Ruby on Rails is a popular web application framework designed to help you develop successful projects while writing less code.

RVM, or Ruby Version Manager, is a command line tool that lets you manage and work with multiple Ruby development environments and allows you to switch between them.

In this tutorial, you will install RVM, the stable release of Ruby on Rails (or the specific version of your choosing) via RVM, and Node.js as the JavaScript runtime required for some Rails features. You will also learn how to uninstall Rails at the end.


  • You will need a Ubuntu 20.04 server instance with a non-root user configured with sudo privileges. Learn how to set this up by following our initial server setup guide.

When you are ready to continue, log in as your sudo user.
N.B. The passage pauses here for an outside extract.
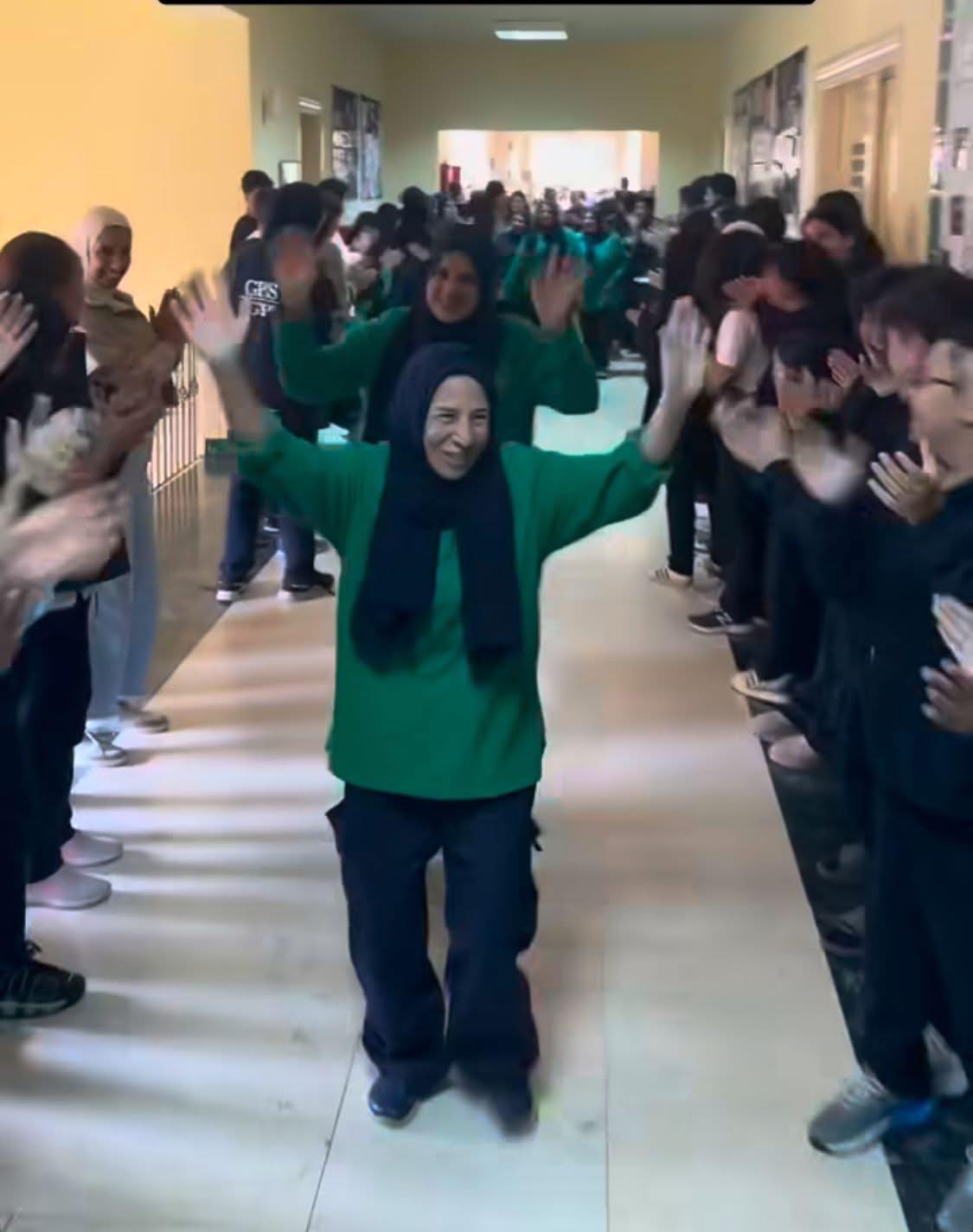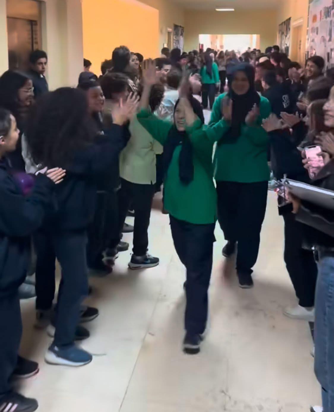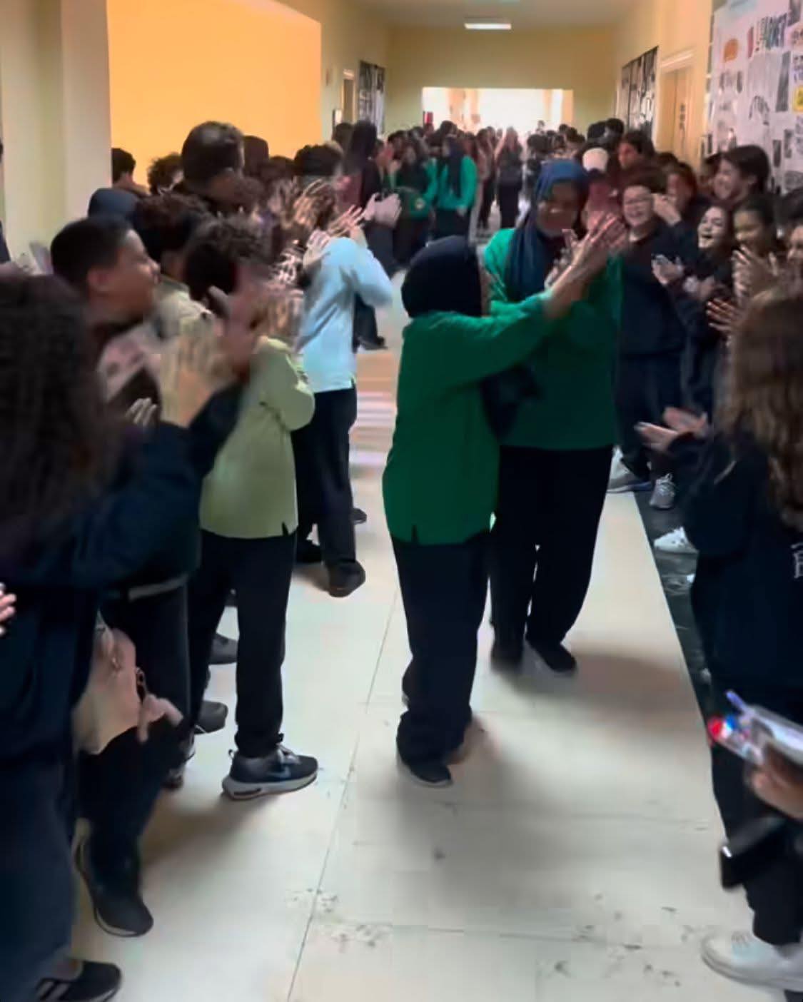 - طلاب مدرسة جرين لاند الدولية نظموا ممر شرفى للعمال واحتفلوا بنجاحهم في امتحان محو الأمية بإشراف من مدرسيين اللغة العربية والطلاب كانوا بيتنازلوا عن مواعيد الراحة بتاعتهم ليذاكروا للعمال لمدة سنة ونصف.

Step 1 – Installing RVM with the Latest Rails

First, you’ll need to install or update GPG (GNU Privacy Guard) to the most recent version in order to contact a public key server and request a key associated with the given ID:

  1. sudo apt update
  2. sudo apt install gnupg2

Next, you’ll request the RVM project’s public key to verify the legitimacy of your download:

  1. gpg2 --keyserver hkp://keyserver.ubuntu.com --recv-keys 409B6B1796C275462A1703113804BB82D39DC0E3 7D2BAF1CF37B13E2069D6956105BD0E739499BDB

You’ll use the curl command to download the RVM installation script from the project’s website:

  1. \curl -sSL https://get.rvm.io -o rvm.sh

The backslash that leads the command ensures that we are using the regular curl command and not any altered, aliased version. The -s flag indicates that the utility should operate in silent mode along with the -S flag to still allow curl to output errors if it fails. The -L flag tells the utility to follow redirects, and finally the -o flag indicates to write output to a file instead of standard output.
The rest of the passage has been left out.